# Random forest selection -- Boston

1. Main idea
Random forest has the advantages of high accuracy, good robustness and easy to use, making it one of the most popular machine learning algorithms at present. Random forest provides two methods of feature selection: mean decrease impurity and mean decrease accuracy.

2. Mean decrease in impurity

Principle introduction
- The random forest is composed of multiple CART decision trees, in which each node is a condition about a certain feature, in order to divide the dataset into two parts according to different response variables.
- CART uses impurity to determine nodes (optimal conditions). Gini impurity is usually used for classification problems, and variance or least square fitting is usually used for regression problems.
- When training the decision tree, you can calculate how much each feature reduces the purity of the tree. For a decision tree forest, it is possible to calculate how much impurity each feature reduces on average, and use the average reduction of impurity as the criterion for feature selection.
- The ranking result of random forest based on impurity is very bright, and the score of the features after the features with the highest score drops sharply.

In [2]:
from sklearn.datasets import load_boston
from sklearn.ensemble import RandomForestRegressor
import numpy as np

#Load boston housing dataset as an example
boston = load_boston()
X = boston["data"]
Y = boston["target"]
names = boston["feature_names"]
rf = RandomForestRegressor()
# 训练随机森林模型，并通过feature_importances_属性获取每个特征的重要性分数。rf = RandomForestRegressor()
rf.fit(X, Y)
print("Features sorted by their score:")
print(sorted(zip(map(lambda x: round(x, 4), rf.feature_importances_), names),
             reverse=True))


    The Boston housing prices dataset has an ethical problem. You can refer to
    the documentation of this function for further details.

    The scikit-learn maintainers therefore strongly discourage the use of this
    dataset unless the purpose of the code is to study and educate about
    ethical issues in data science and machine learning.

    In this special case, you can fetch the dataset from the original
    source::

        import pandas as pd
        import numpy as np


        data_url = "http://lib.stat.cmu.edu/datasets/boston"
        raw_df = pd.read_csv(data_url, sep="\s+", skiprows=22, header=None)
        data = np.hstack([raw_df.values[::2, :], raw_df.values[1::2, :2]])
        target = raw_df.values[1::2, 2]

    Alternative datasets include the California housing dataset (i.e.
    :func:`~sklearn.datasets.fetch_california_housing`) and the Ames housing
    dataset. You can load the datasets as follows::

        from sklearn.datasets import fetch_california_h

Features sorted by their score:
[(0.432, 'RM'), (0.3777, 'LSTAT'), (0.0599, 'DIS'), (0.0345, 'CRIM'), (0.0273, 'NOX'), (0.0162, 'PTRATIO'), (0.0153, 'TAX'), (0.0127, 'AGE'), (0.0114, 'B'), (0.0071, 'INDUS'), (0.0038, 'RAD'), (0.0011, 'ZN'), (0.0009, 'CHAS')]

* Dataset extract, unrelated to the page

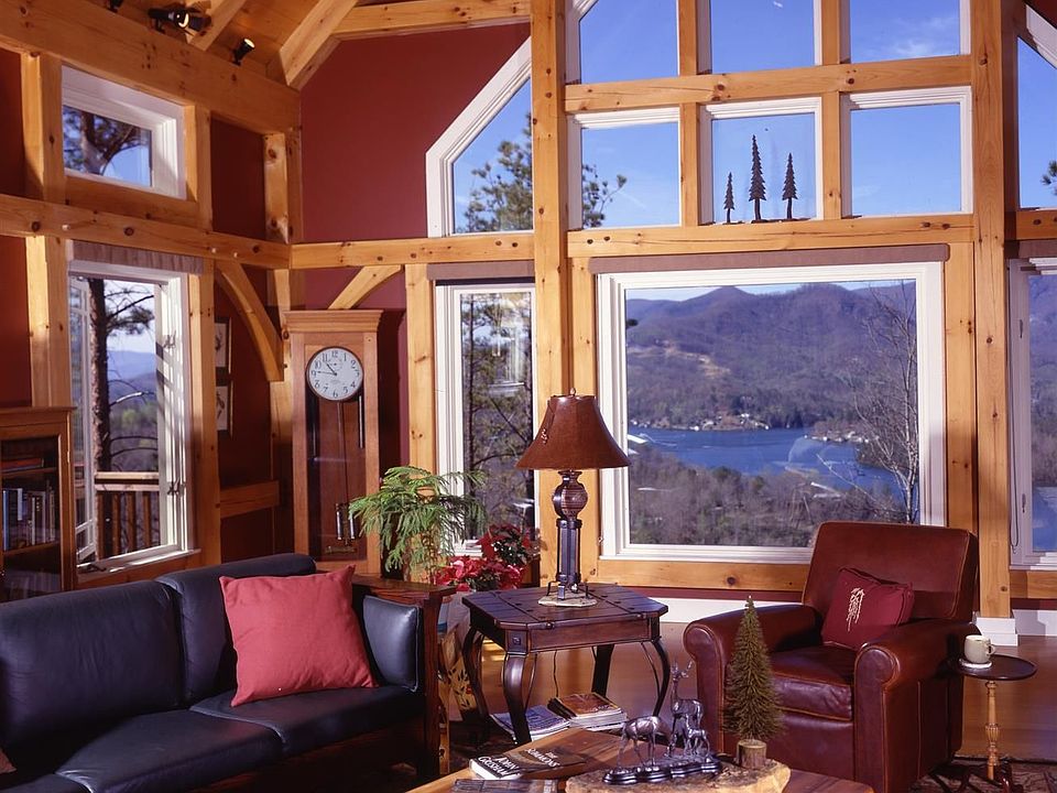 Mountain living at its Best! This post and beam masterpiece overlooks beautiful Lake Laure, NC - One of America's Top 10 travel destinations... Renowned for its natural splendor, recreational lake and river activities, climbing, hiking, biking and championship golf courses. When you are done playing, relax in the comfort of your solar home with radiant heated floors, finish sauna and outstanding great room featuring gothic cathedral beamed ceilings and immense stacked stone fireplace. Enjoy preparing holiday meals like a chef, on your Viking oven range, while your guest gather around the generous kitchen island. Serve dessert on the deck, then recline with coffee into one of the porch swings. Watch as Eagles soar, the sun sparkle from across the Lake then slowly fades as it disappears behind the mountain ridge.

2. Mean decrease in accuracy

Principle introduction
- Feature selection is carried out by directly measuring the effect of each feature on model accuracy.
- The main idea is to disrupt the order of the eigenvalues of each feature and measure the effect of the order change on the accuracy of the model.
- For unimportant variables, shuffling order does not have much effect on the accuracy of the model.
- For important variables, disordering reduces the accuracy of the model

Random forest is a very popular feature selection method and it is easy to use. But it has two main problems:
- Important features may score low (correlation feature questions)
- This method is more favorable for features with more categories of feature variables (bias problem)

Finally, feature screening is to understand the data or better train the model, we should choose suitable methods according to our own goals. Feature filtering for better/easier training of models should be avoided if computational resources are sufficient, as feature filtering can easily lose useful information. In order to reduce the influence of invalid features and avoid over-fitting, random forest and XGBoost integration models can be selected to avoid over-fitting features.